I realize that. What I'm saying is that if you have a characteristic equation $\displaystyle (m^2 + 4)(m-1)=0,$ then one solution is $\displaystyle m=1$ corresponding to $\displaystyle y=e^{x},$ not $\displaystyle y=1.$ Therefore, I think you need to change your characteristic equation you put forward en route to your DE.
• Nov 3rd 2010, 07:27 AM
FunkyBudduh
im sorry i still dont understand....
• Nov 3rd 2010, 07:56 AM
Ackbeet
Ok. Let me start from a third-order DE, and work the problem in the usual way. I know you're solving the inverse problem of producing a DE, but bear with me. Let's say I have the DE $\displaystyle y'''-8y''+19y'-12y=0.$ The usual procedure with constant coefficient problems like this is to assume a solution of the form $\displaystyle y=e^{mx},$ plug it in, and solve for $\displaystyle m.$ We have $\displaystyle y'=me^{mx}, y''=m^{2}e^{mx},$ and finally $\displaystyle y'''=m^{3}e^{mx}.$ Plugging into the DE yields

$\displaystyle m^{3}e^{mx}-8m^{2}e^{mx}+19me^{mx}-12e^{mx}=0.$ Factoring yields

$\displaystyle e^{mx}(m^{3}-8m^{2}+19m-12)=0.$ Now $\displaystyle e^{mx}\not=0,$ hence we may divide out to obtain the characteristic equation

$\displaystyle m^{3}-8m^{2}+19m-12=0.$ Now you can show that the roots of this equation are $\displaystyle m=4,3,1.$ That is, it factors as $\displaystyle (m-4)(m-3)(m-1)=0.$ Hence, the solution to this DE is as follows:

$\displaystyle y=c_{1}e^{4x}+c_{2}e^{3x}+c_{1}e^{x}.$

Do you see (and this is really where I'm going with this), that the root $\displaystyle m=1$ corresponds, because of our initial guess of $\displaystyle y=e^{mx}$, to the solution $\displaystyle y=e^{x}?$ It does NOT correspond to the solution $\displaystyle y=1.$

If you don't believe me, think of it this way: according to the OP, you are claiming that $\displaystyle y=1$ solves the homogeneous ODE

$\displaystyle y''' - y'' + 4y' -4y =0.$

I altered your DE with some obvious corrections. Plug $\displaystyle y=1$ into this DE, and you will see that it does not satisfy it.

• Nov 3rd 2010, 09:14 AM
FunkyBudduh
Ah now i get you, sorry about that. Well back to the drawing board, ill let you know if i have anything. Will probably start with a trig function and do it the way youve just showed me.

thanks

Funky
• Nov 3rd 2010, 09:57 AM
Ackbeet
I gave you a decent hint in Post # 2. What could post # 2 tell you?
• Nov 4th 2010, 04:35 AM
FunkyBudduh
Then my new characterisctic equation is

$\displaystyle m(m^2 + 4)=0$

hence my 3rd order diff equation is

$\displaystyle d^3y/dx^3 + 4dy/dx = g(x)$

but how would i use this to find g(x) function?
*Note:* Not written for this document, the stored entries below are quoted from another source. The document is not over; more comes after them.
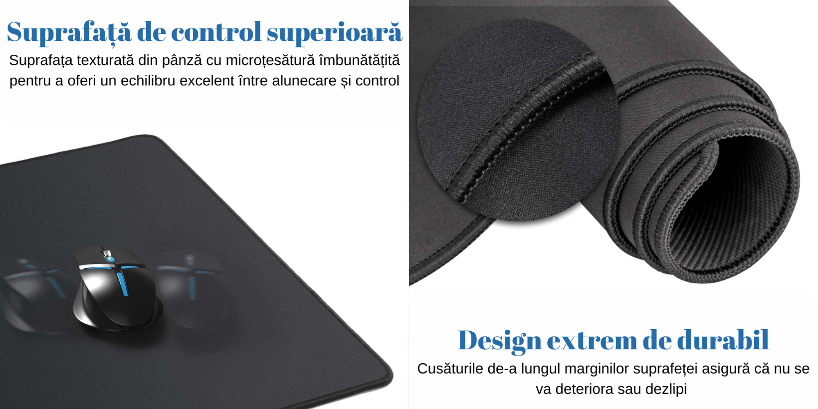 - Materiale rezistente, care va vor mentine mousepad-ul in uz timp de luni sau chiar ani de zile.
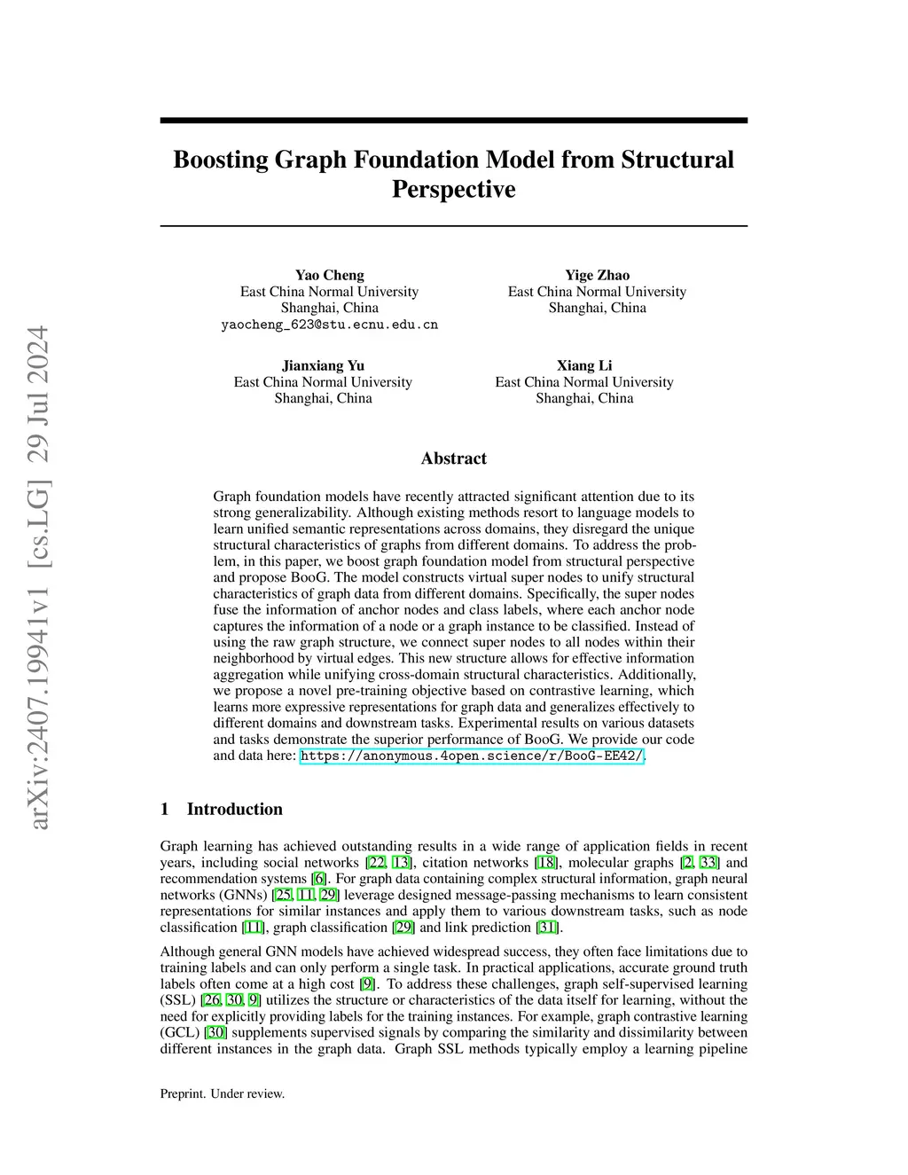 Graph foundation models have recently attracted significant attention due to its strong generalizability. Although existing methods resort to language models to learn unified semantic representations across domains, they disregard the unique structural characteristics of graphs from different domains. To address the problem, in this paper, we boost graph foundation model from structural perspective and propose BooG. The model constructs virtual super nodes to unify structural characteristics of graph data from different domains. Specifically, the super nodes fuse the information of anchor nodes and class labels, where each anchor node captures the information of a node or a graph instance to be classified. Instead of using the raw graph structure, we connect super nodes to all nodes within their neighborhood by virtual edges. This new structure allows for effective information aggregation while unifying cross-domain structural characteristics. Additionally, we propose a novel pre-training objective based on contrastive learning, which learns more expressive representations for graph data and generalizes effectively to different domains and downstream tasks. Experimental results on various datasets and tasks demonstrate the superior performance of BooG. We provide our code and data here:this https URL.
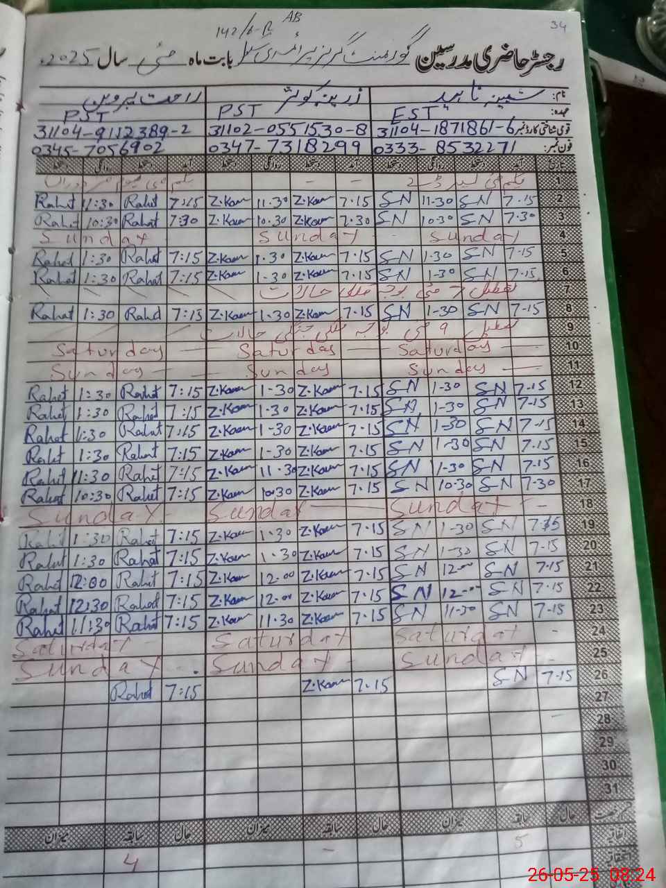 | CNIC | Full Name | Designation | R/C | Absence During Last Calender Month |
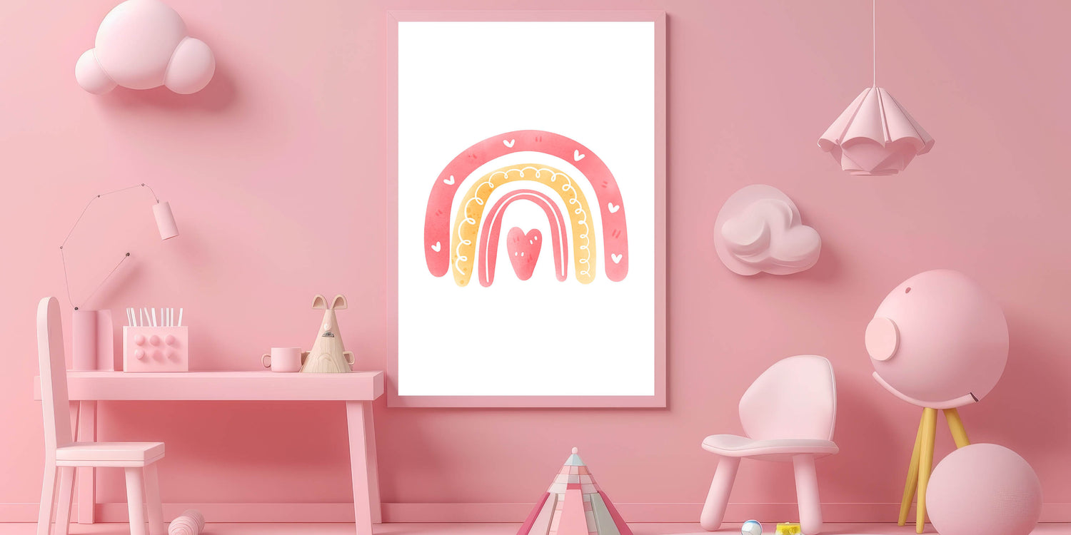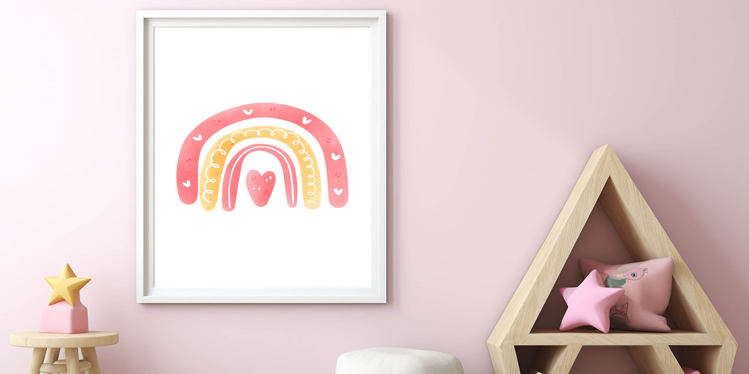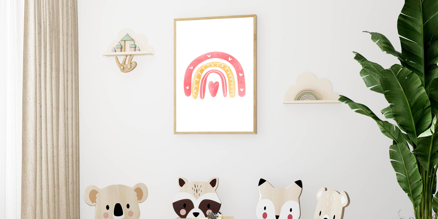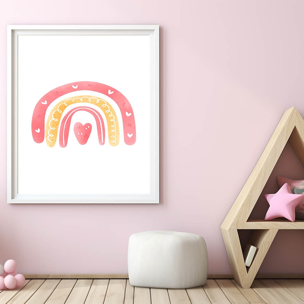 Create a joyful and cozy atmosphere in your little one’s space with this high-quality, heart rainbow art print.
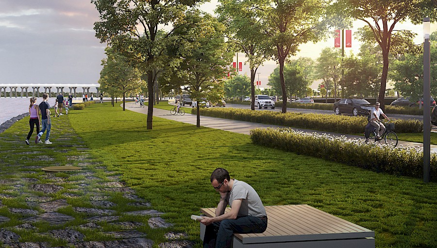 Le boulevard sera doté d’un corridor vert, soit des aménagements permettant à la population d’être à proximité du fleuve Saint-Laurent et des voies de mobilité active en site propre, inexistantes dans le secteur, seront également incluses.
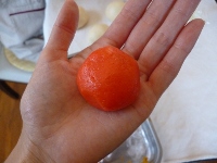 かぼちゃ餡の作り方はかぼちゃをゆでて、300gくらいの実をつぶす。これに、砂糖80g、バター10gをいれ混ぜて、10等分して、冷蔵庫へ。
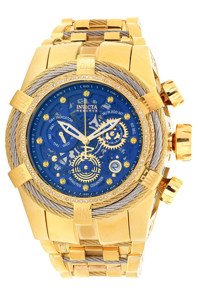 Yellow gold-tone stainless steel case with a yellow gold-tone stainless steel bracelet with silver-tone and gold-tone cable wire trim. Uni-directional rotating yellow gold-tone crystal-set bezel with silver-tone and gold-tone cable wire trim. Blue cut-out dial with yellow gold-tone skeleton sword-shaped hands and crystal hour markers. Minute markers around the outer rim. Dial Type: Analog. Luminescent hands. Date display between the 4 and 5 o'clock positions. Chronograph - two sub-dials displaying: 60 second and 30 minute. Day of the week sub-dial. Ronda caliber Z60 quartz movement. Scratch resistant flame fusion crystal. Screw down crown. Solid case back. Round case shape. Case size: 53 mm. Case thickness: 21.9 mm. Band width: 35 mm. Band length: 8.25 inches. Fold over clasp. Water resistant at 200 meters / 660 feet. Functions: chronograph, date, day, hour, minute, small second. Reserve Series. Sport watch style. Watch label: Swiss Movt. Invicta Reserve Chronograph Quartz Blue Dial Mens Watch 30069.
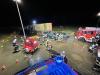 Parallel lief die Informationsbeschaffung zum geladenen Gefahrgut über die EDV vom ELW der Feuerwehr Wilster. Glücklicherweise trat von dem entzündbaren Feststoff, der sich im Laufe der Recherche als Krillmehl herausstellte, nichts aus, so dass Dammfleths Wehrführer lediglich den 2-fachen Brandschutz mit Wasser aus einer offenen Wasserentnahmestelle aufbauen ließ. Um die Einsatzstelle optimal auszuleuchten, wurde auch das große Notstromaggregat mit Lichtmast des Amtes Wilstermarsch durch die Dammflether Kameraden in Betrieb genommen. Mit Hilfe einer Wärmebildkamera suchten weitere Einsatzkräfte nach der vermissten Person, die Dank der Wärmebildkamera auch schnell gefunden wurde.
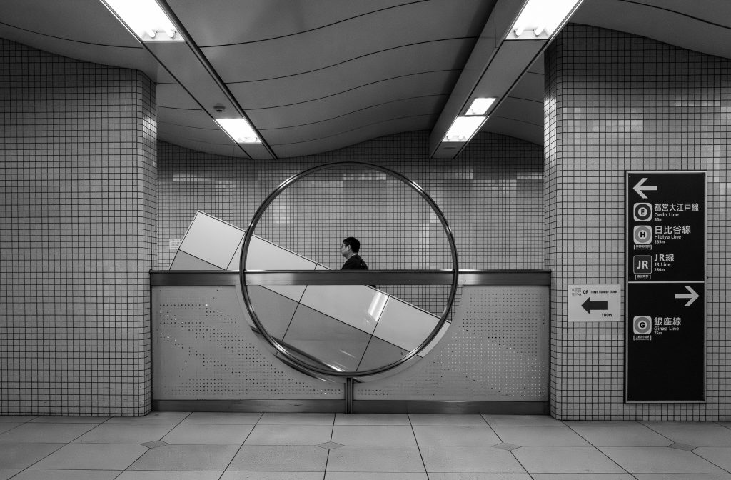 I was on my way to Ueno Park to capture some images of the concrete buildings that make up the museums and other amenities in the area when I saw two of these circular opportunities. The first was made up of two rings, one further away but looking concentric with the nearest but that had lockers behind and felt a little more cluttered. I found this one on the way out of the station and stood hopefully with my two cameras. I have about five frames on HP5 and about four on the digital. This particular image was shot 1/500th sec at f/8.0 and ISO 25000. There is a little noise in the image but the graininess of it suits the black and white conversion. The colours in the image pull the eye away from the central figure if left, the left pointing arrow is red on a bright yellow background so very distracting.
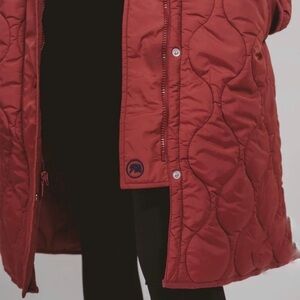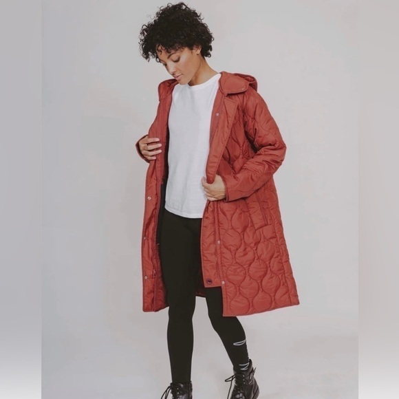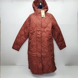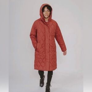 The Normal Brand Quilted Coat Size Small Hood Long Snap Close Burnt Orange NWT
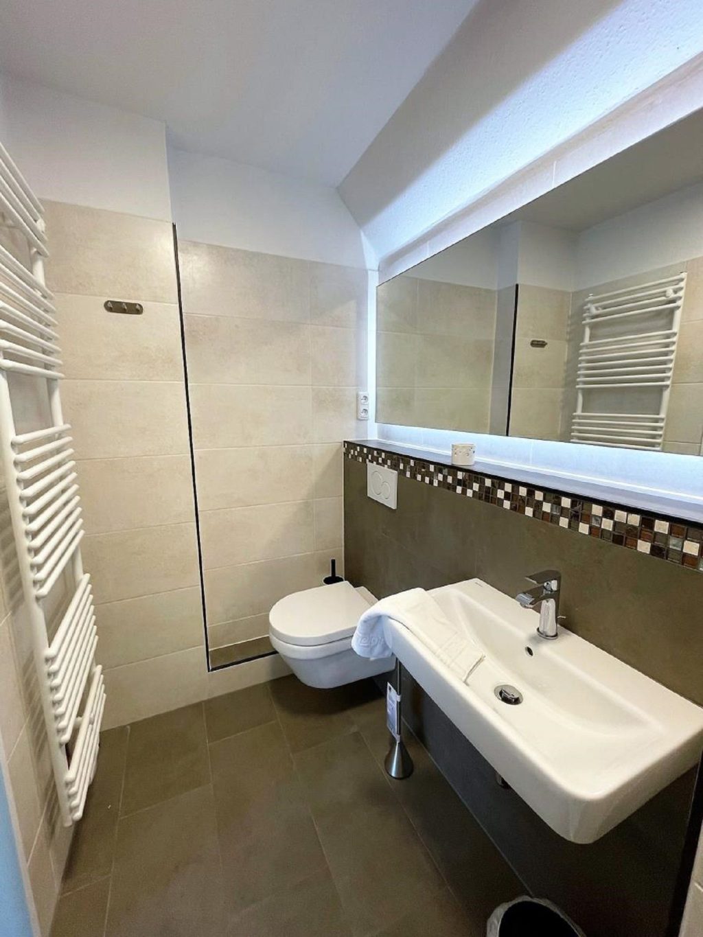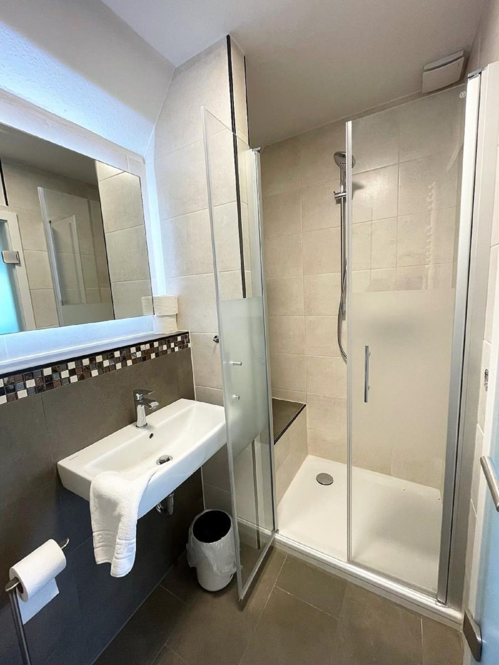 Das modern gestaltete Badezimmer verfügt über eine bodengleiche Dusche, ein Waschbecken und ein WC.

if the general solution of the 4rd order linear de (non homog) is
$\displaystyle y(x)=c1y1(x) + c2y2(x) + c3y3(x) +Cos(x)$

where y1, y2 and y3 are 1, cos(2x), sin(2x)
• Nov 4th 2010, 04:48 AM
Ackbeet
I agree with your DE now.

Well, you know what the LHS operator $\displaystyle \frac{d^{3}}{dx^{3}}+4\frac{d}{dx}$ does to the homogeneous part of your starting solution $\displaystyle c_{1}y_{1}+c_{2}y_{2}+c_{3}y_{3}.$ Find out what it does to the $\displaystyle \cos(x)$ part. Then just use that to determine the RHS of the DE. Be careful with the signs!
• Nov 4th 2010, 06:18 AM
FunkyBudduh
ok, my answer for g(x)= -3sin(x)

ive taken cos(x) and found dy/dx and d^3/dx^3 then substituted it in dy^3/dx^3 + 4dy/dx = g(x). which yields g(x) = -3Sin(x)

thanks again ackbeet
• Nov 4th 2010, 06:31 AM
Ackbeet
Yep, that looks right. You're welcome! Have a good one.